В российский прокат вышел фильм "Ледокол" Николая Хомерики. "Огонек" поговорил с режиссером о возвращении жанра производственной драмы и новой конфликтности

Соединить фильм-катастрофу, человеческую драму и черный юмор — такую задачу ставил режиссер Николай Хомерики

Фото: Дмитрий Духанин, Коммерсантъ  /  купить фото

1985 год. Навстречу ледоколу "Михаил Громов" движется айсберг. Уходя от столкновения с ним, судно попадает в ледовый плен и остается в вынужденном дрейфе вблизи побережья Антарктиды в течение 133 дней. История основана на реальных событиях: 15 марта 1985 года ледокол "Михаил Сомов" был зажат льдами вблизи побережья Антарктиды у Берега Хобса. Почему вспомнить об этом решили именно сегодня? Николай Хомерики считает, что важнее всего тут — человеческая история.

— В этом году сразу у нескольких режиссеров с авторским взглядом — у вас, у Алексея Мизгирева, Павла Бардина, плюс Владимир Котт и Алексей Попогребский, у которых премьера будет в 2017 году,— дебют в массовом кино. Это что-то для вас значит? Произошел, наконец, синтез массового и авторского кино?

— На Западе это обычная практика. Зачастую режиссеры из фестивального кино приглашаются в большие зрительские проекты. Во-первых, нужна свежая кровь. Во-вторых, нужна какая-то изюминка... Вообще, у продюсеров не так много вариантов, когда они выбирают режиссера... Я за всех не могу ручаться, конечно, но скажу, что некоторые из них уже думают все-таки и о каком-то психологическом усложнении массового кино. Почему это стало вдруг важно? Вроде бы у всех режиссеров все одинаково на начальном этапе: кастинг, потом съемки, все взрывается, все куда-то бегут... Но все равно результат получается у всех разный. Почему? Это невозможно объяснить. Но в одном случае это почему-то трогает зрителя, а в другом — оставляет совершено равнодушным. Приглашение режиссеров фестивального кино в массовые проекты, наверное, можно объяснить так: аттракцион аттракционом, а чего-то не хватает, и нужно "что-то" такое еще, что трудно, конечно, описать словами...

Фото: kinopoisk.ru

— Большая проблема нашего массового кино — в отсутствии конфликтности.
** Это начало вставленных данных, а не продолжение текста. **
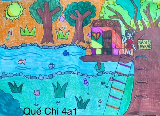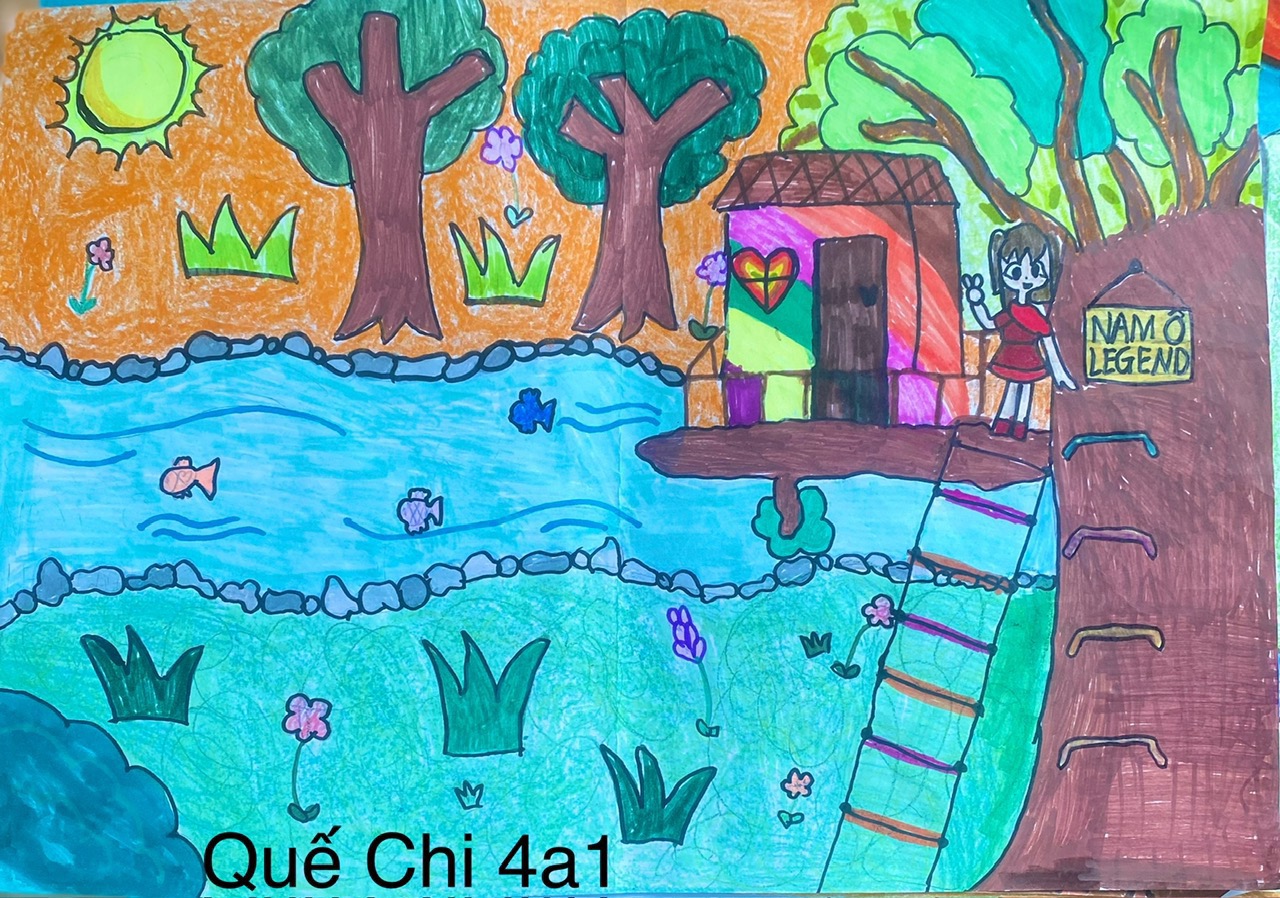 Ý nghĩa bức tranh của con là ngôi nhà nằm giữa thiên nhiên trù phú sông nước tươi đẹp ở Nam Ô Legend. Con muốn nói về thông điệp là mọi người hãy sống cùng với thiên nhiên và bảo vệ cảnh quan thiên nhiên hùng vĩ.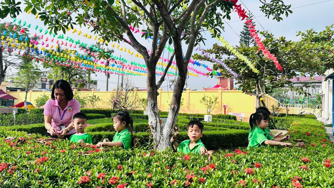 Ngoài ra để thúc đẩy việc học qua chơi ngoài việc sử dụng đồ chơi được trang bị, nhà trường, tập thể cán bộ giáo viên trong trường luôn tích cực phối hợp với cha mẹ học sinh để xây dựng cải tạo môi trường, trồng cây, các loại hoa, cây cảnh, xây dựng các khu vực chơi như chợ quê, khu vui chơi vận động, bé với sách, vườn rau của bé... , tự chế ra những đồ chơi mới từ vật dụng bỏ đi như lon sữa, chai lọ, ống hút…để làm đa dạng và phong phú thêm môi trường hoạt động ngoài trời cho trẻ, để trẻ có cơ hội được khám phá, trải nghiệm khi tham gia vào hoạt động.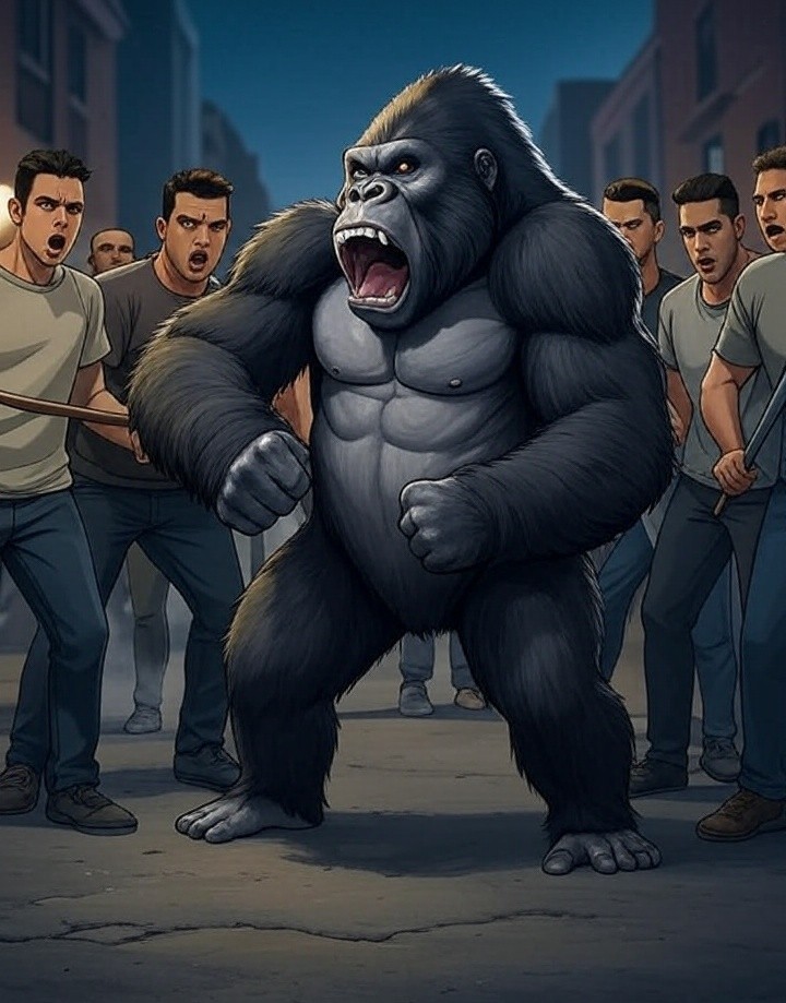 Beat up Crazy Gorilla with friends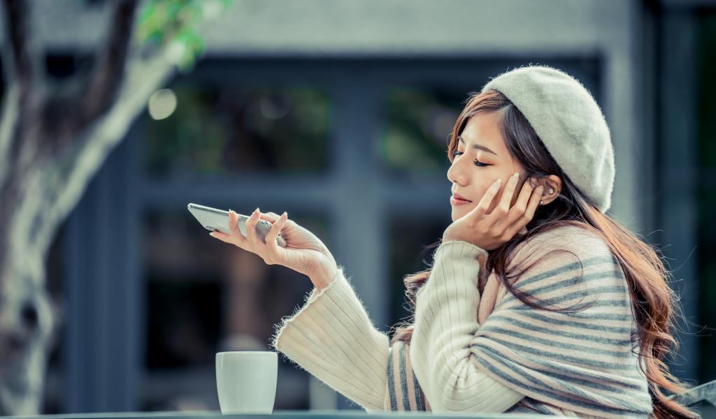 Wallpaper Pensive girl with a phone sits in a cafe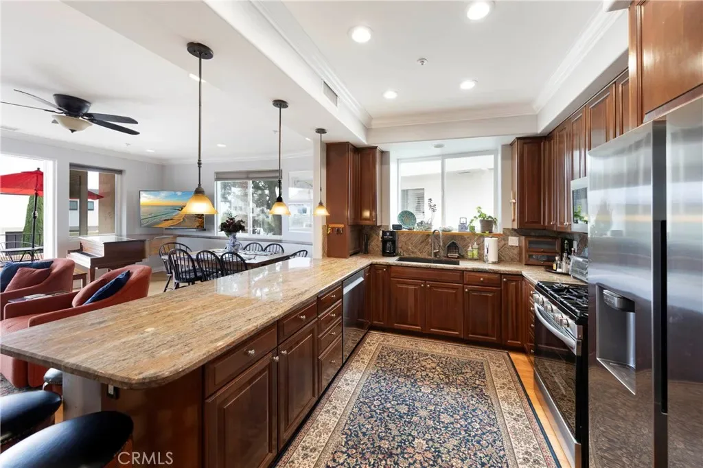 Enjoy a prime location just a short walk to Del Mar Street’s shops, restaurants, and weekend farmers market. The beach trail, popular surf spots, coffee shops, and dining in the Pier Bowl are all nearby, with easy access to the train and commuter rail.
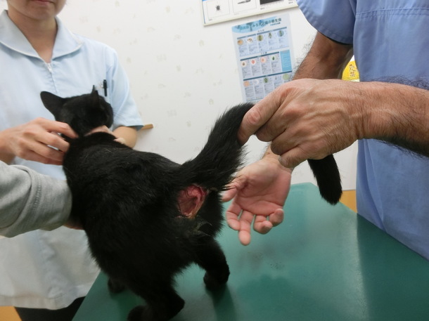 数日後、なんとおしりの近くにぱっくりと大きな穴が開いていました。
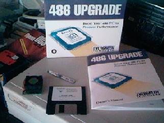 The Evergreen 486 upgrade kit comes in a fairly bulky box, with most of the volume being taken up by pre-formed packing designed to prevent damage to the pins on the upgrade processor. The kit contains the processor assembly, a chip removal tool, a diskette containing a diagnostic program, an instruction manual and a $10 refund voucher (which, in my case, had expired one week before I actually received the kit).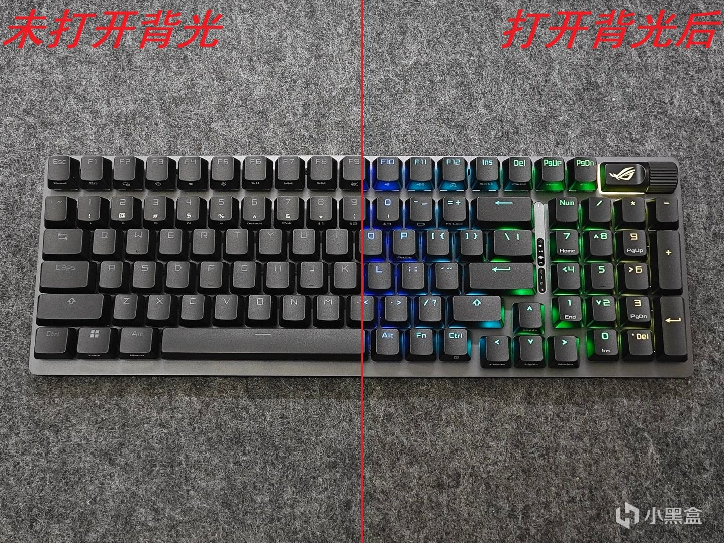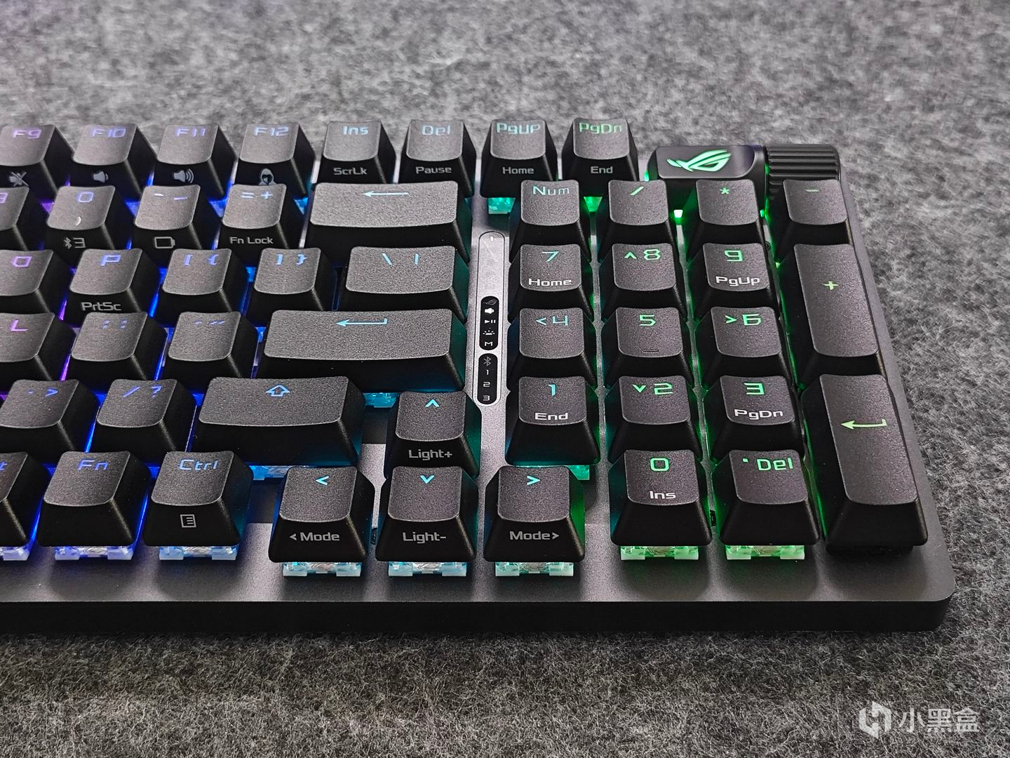 不过如此设计使得游侠 2 的 F 区按键非常紧凑,基本无法盲敲,而且功能键特殊的位置需要一定学习成本,观感上也难言美观,只能说在功能性和美观便用性之间 ROG 选择了前者。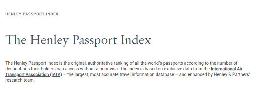 近日,专注投资居留与公民身份领域的国际权威机构Henley & Partners发布了最新《亨利护照指数》。该指数以护照持有人可免签或办理落地签入境的国家和地区数量为基准,精准衡量各国护照的实际通行能力。
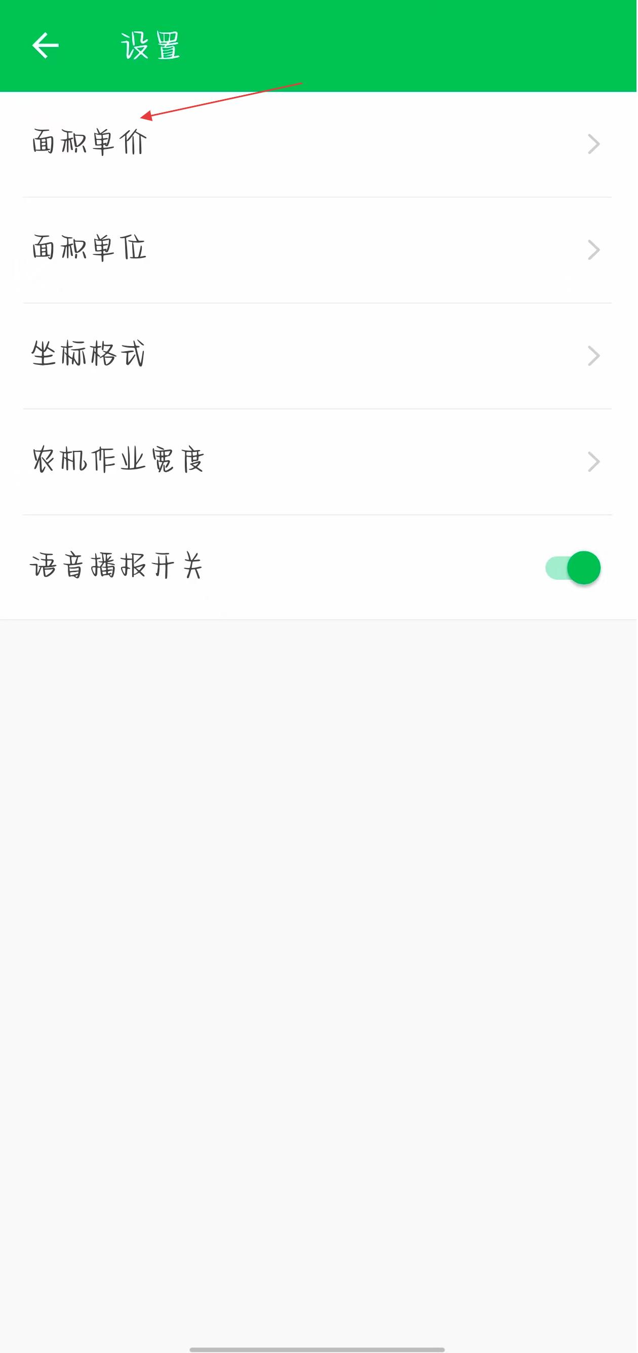 2、在設(shè)置頁面中,找到面積單價選項并點擊,進入面積單價設(shè)置界面。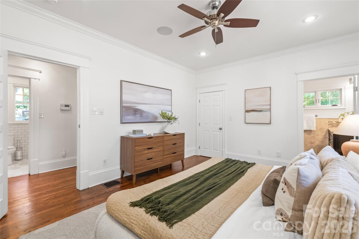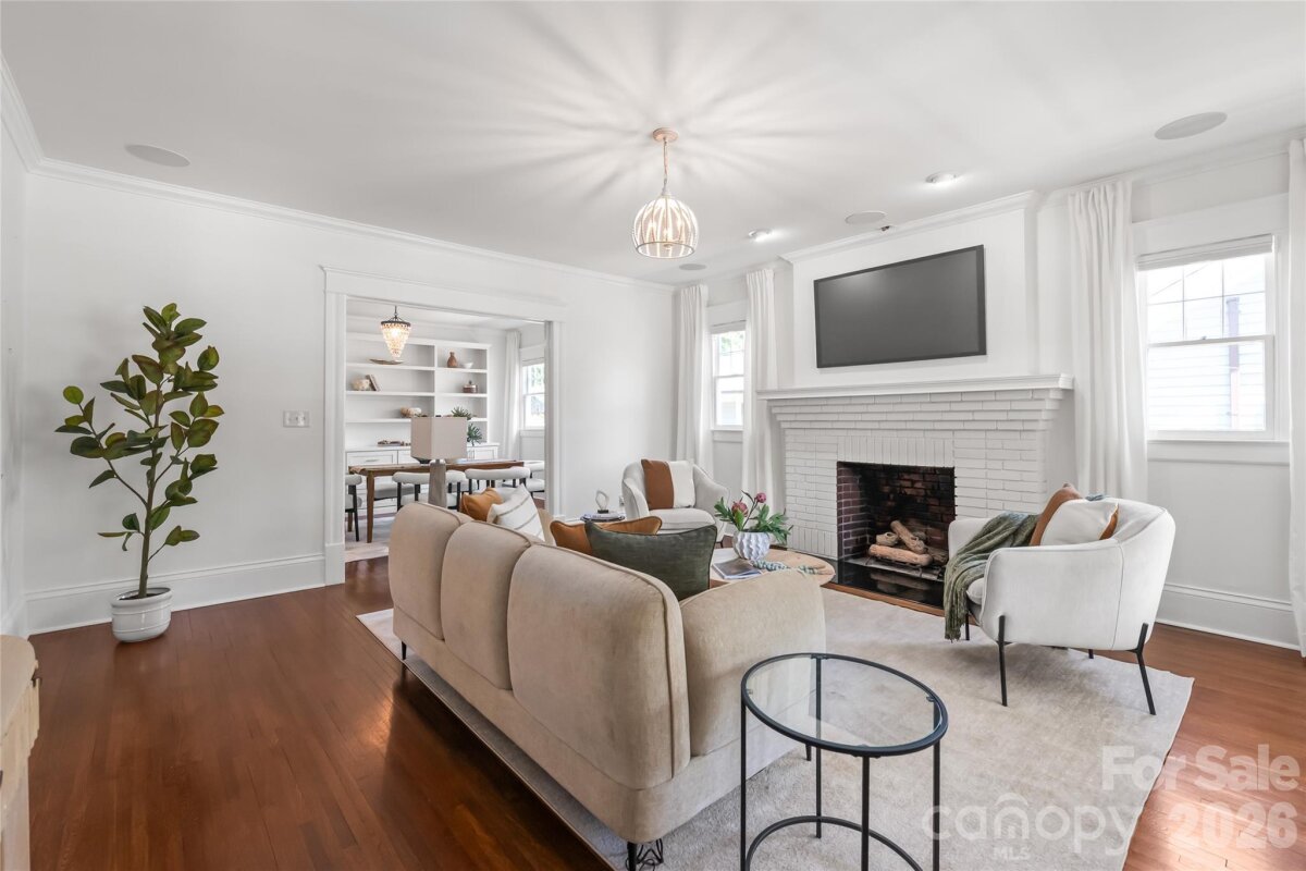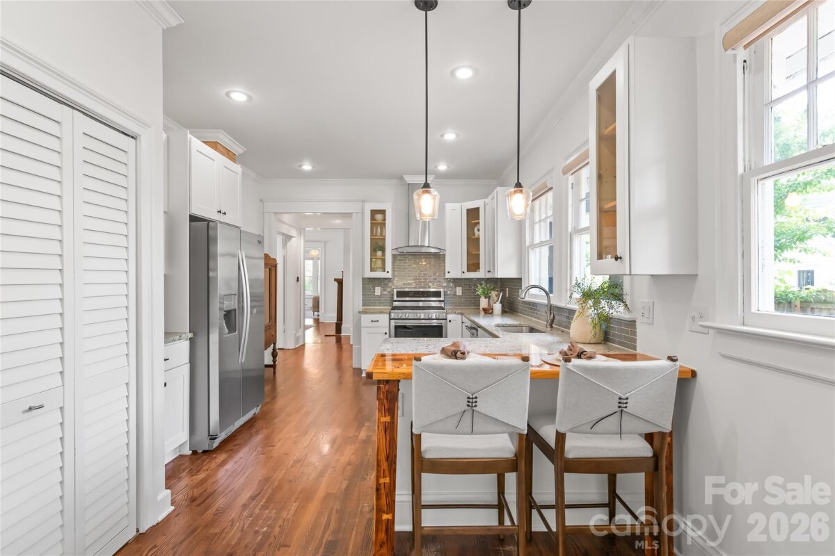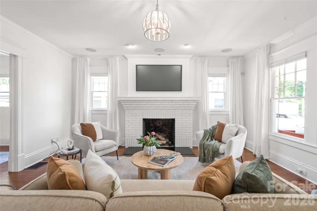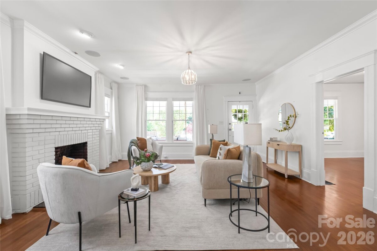 Experience the epitome of historic bungalow living in this charming Plaza Midwood home! Built in 1932, this home is nestled on sought-after Belvedere Avenue - just a half block off The Plaza! Enjoy all that Midwood has to offer, and plant your flag just a stone's throw away from Midwood Park, Mezzo Market, Culture Shop, Giddy Goat, Workman's Friend, and Michelin-rated Supperland. This bungalow boats charming built-ins, original oak floors, tongue and groove front porch, and soaring 9' ceilings. Home features oversized living and dining rooms, and spacious bedrooms - spread all across one level :) Intentional indoor & outdoor gathering spaces are perfect for unwinding and enjoying evenings with your close circle. Enjoy your views and perch from the large front porch, featuring a daybed porch swing and separate area for lounging or dining. Or, retreat to the private backyard complete with a hardscaped patio area, putting green, and screened-in rear porch. Original storage shed and newer storage cabinet provide additional storage for belongings or tools. Inside, the home features an updated kitchen with granite countertops, timeless shaker cabinetry, sink beneath large double windows, and a cozy breakfast bar. Dining room features fireplace with original tile and mantle, custom built-ins, and dry bar -- giving the space a warm and classy feel that's perfect for dinner parties. The primary bedroom is spacious and easily accommodates a king-sized bed; primary suite features an updated walk-in closet (a rarity!), and large shower and double vanity. Come experience the best that Midwood has to offer!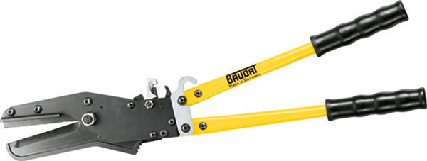 Tipo a cremagliera con cricchetto, a lame lunghe diritte per tagliare cavi piatti, senza deformazioni.Coltelli in acciaio al CROMO-VANADIO di altissima resistenza, bracci in tubo d'acciaio sagomato e impugnature ergonomiche.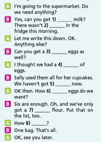 (Hoàn thành đoạn hội thoại với any (X2), some, few, little, lot, much, và many.)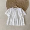 Camisa Elegante de Renda Transfronteiriça 2025 Verão Nova Estilo Coreano Versátil Gola Redonda Manga Lanterna Manga Curta Camisa de Renda Top Feminino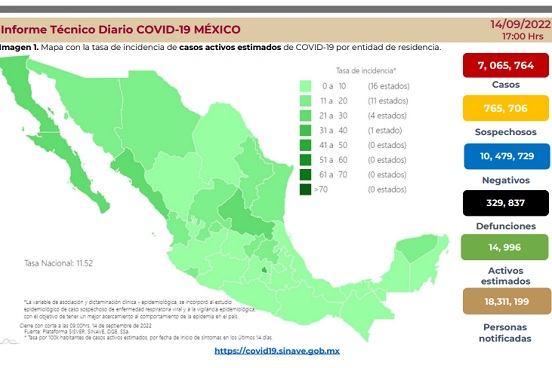 Previo a las fiestas patrias se reportan bajos niveles de Covid-19 en el país, la Secretaría de Salud reportó este miércoles 2 mil 942 nuevos casos de esta enfermedad, con los que se acumulan un total de 7 millones 65 mil 764 contagios desde que inició la pandemia en febrero de 2020.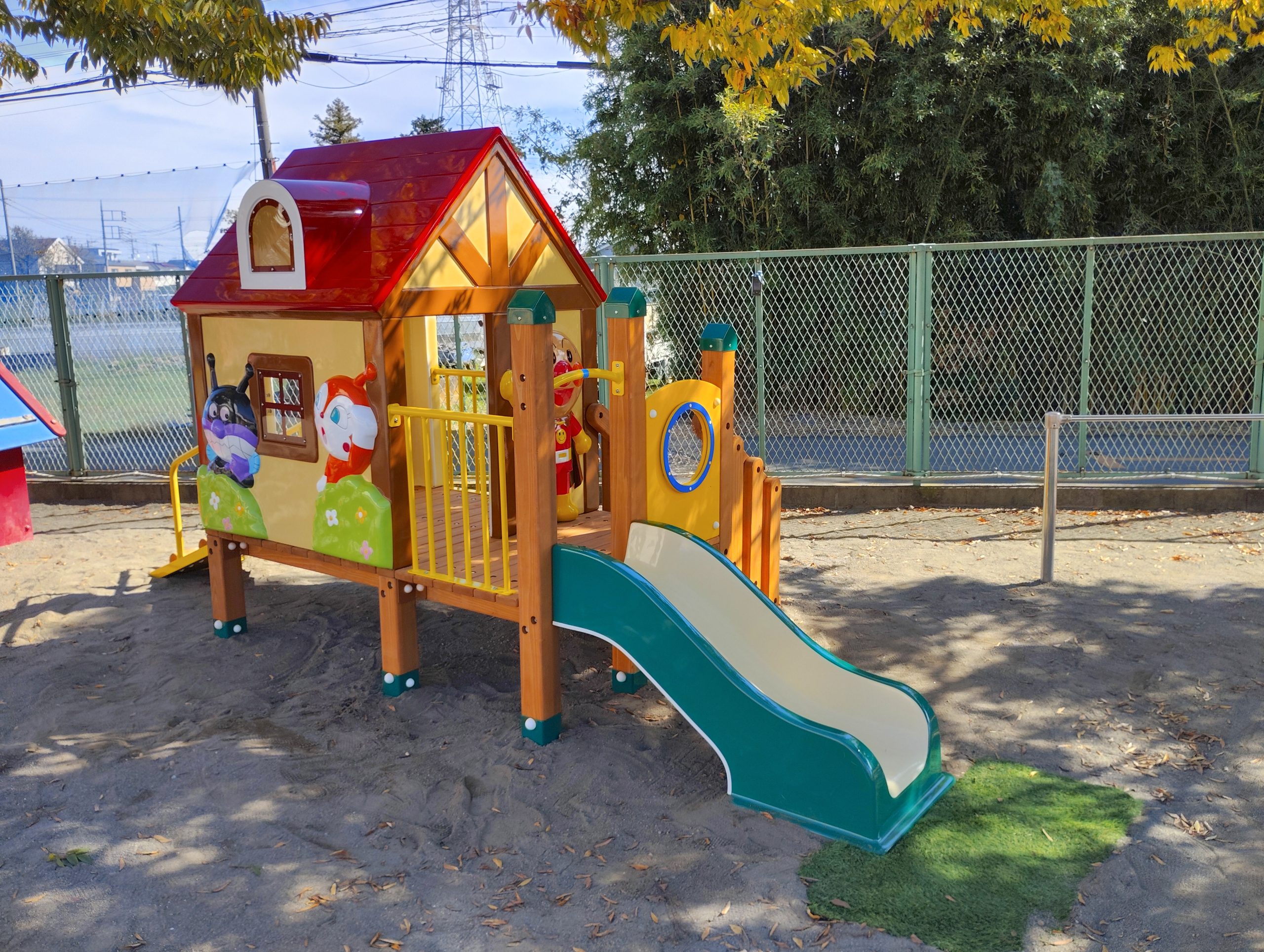 10月23日(大安)に新しい遊具、アンパンマンと森のロッジが、箕田幼稚園に来ました。2歳児でも遊べる楽しい遊具です。 名前にちなんで園庭の木の下に設置しました。

Может быть, это попытка вернуть в кино какой-никакой, а конфликт?.. Как вы, например, выстраивали конфликт между этими людьми на ледоколе, который оказался в вынужденном дрейфе? Из чего исходили? Из опыта поведения людей в замкнутом пространстве?

— Сценарий фильма писал не я. И все характеры и конфликты там были заложены на уровне сценария, еще до меня. Я, конечно, принимал участие в разработке сценария в качестве режиссера, но моя работа сводилась к тому, чтобы просто где-то добавить, где-то усилить, иногда прямо на площадке, исходя из ситуации... Но вот эта здоровая конфликтность, актуальность, как вы говорите, закладывается еще на уровне кастинга, отбора актеров. Ты выбираешь не одного актера, а сразу нескольких, подбирая парами, чтобы между ними возникал естественный конфликт. Например, как с двумя капитанами судна — условно, молодого и консерватора... (Петр Федоров и Сергей Пускепалис.— "О".) Причем важно еще подобрать пары так, чтобы они, с одной стороны, конфликтовали, но с другой, в то же время не могли бы жить друг без друга... А на съемочной площадке уже отталкиваешься от характера актера, от его психотипа. Я стараюсь не задавить артиста чем-то придуманным; я предпочитаю, чтобы он сам раскрывал себя в данных обстоятельствах. У нас на съемочной площадке воспроизводились те же конфликты, которые были заложены в сценарии; мне это очень нравилось. Это значит, что подбор актеров был правильным. Я это использовал, сталкивая их и в кадре. А что из этого вышло... Не знаю. Бывает, окончательно понимаешь правильность или ошибочность выбора только после премьеры.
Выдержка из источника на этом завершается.